Chang et al. (1989) described 4 splice variants of the TR2 gene, TR2-5, TR2-7, TR2-9, and TR2-11, which encode proteins of 483, 184, 467, and 603 amino acids, respectively. All were isolated from human testis or prostate cDNA libraries. The DNA-binding domains of the 4 variants are identical and share 50 to 60% amino acid identity with other steroid receptors. The TR2-7 receptor has no apparent hormone-binding region, whereas the other 3 variants have the same hormone-binding region followed by variant C termini. In vitro transcription and translation of the TR2-11 receptor indicated that this receptor did not bind any known steroids, suggesting to Chang et al. (1989) that this receptor could be steroid independent or dependent on an unknown hormone. The authors noted that the identity of the DNA-binding regions of these receptors suggests that they regulate the same target gene(s), but the differences in the C termini may allow them to bind different ligands or bind the same ligand with differing affinities. By analogy to the splice variants of the thyroid hormone receptor, the authors suggested that the expression ratio of the TR2 splice variants could vary in a tissue-specific or developmental stage-specific manner regulated at the level of RNA splicing.


Gene Function

Using yeast 2-hybrid analysis, Lee et al. (1998) identified an interaction between mouse Tr2 and Rip140 (NRIP1; 602490). By mutation analysis, they determined that the LxxLL motifs of mouse Rip140 interacted with the activation function-2 region of Tr2. Coimmunoprecipitation experiments detected interaction between the 2 proteins in cell extracts. Rip140 repressed binding of Tr2 to target DNA. In the presence of Rip140, Tr2 translocated into the nucleus.


Mapping

The International Radiation Hybrid Mapping Consortium mapped the NR2C1 gene to chromosome 12 (STS-H68838).

Animal Model

Shyr et al. (2002) detected Tr2 expression in mice at 3 weeks of age, and the expression was restricted mainly to spermatocytes and round spermatids. They found that mice lacking Tr2 were viable with no serious developmental defects. Male mice lacking Tr2 had functional testes, including normal sperm number and motility, and both male and female mice lacking Tr2 were fertile.


REFERENCES

  1. Chang, C., Kokontis, J. Identification of a new member of the steroid receptor super-family by cloning and sequence analysis. Biochem. Biophys. Res. Commun. 155: 971-977, 1988. [PubMed: 3421977] [Full Text: https://doi.org/10.1016/s0006-291x(88)80591-6]

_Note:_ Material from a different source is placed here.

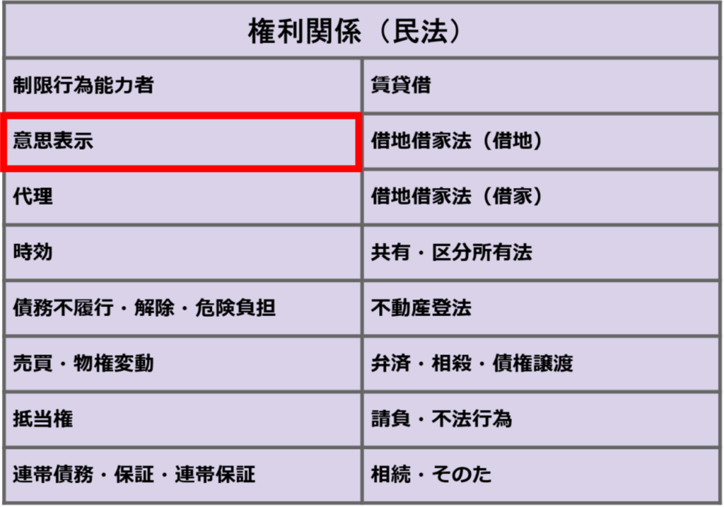 今回は権利関係意思表示の講義を始めます。

  2. Chang, C., Kokontis, J., Acakpo-Satchivi, L., Liao, S., Takeda, H., Chang, Y. Molecular cloning of new human TR2 receptors: a class of steroid receptor with multiple ligand-binding domains. Biochem. Biophys. Res. Commun. 165: 735-741, 1989. [PubMed: 2597158] [Full Text: https://doi.org/10.1016/s0006-291x(89)80028-2]

  3. Lee, C.-H., Chinpaisal, C., Wei, L.-N. Cloning and characterization of mouse RIP140, a corepressor for nuclear orphan receptor TR2. Molec. Cell. Biol. 18: 6745-6755, 1998. [PubMed: 9774688] [Full Text: https://doi.org/10.1128/MCB.18.11.6745]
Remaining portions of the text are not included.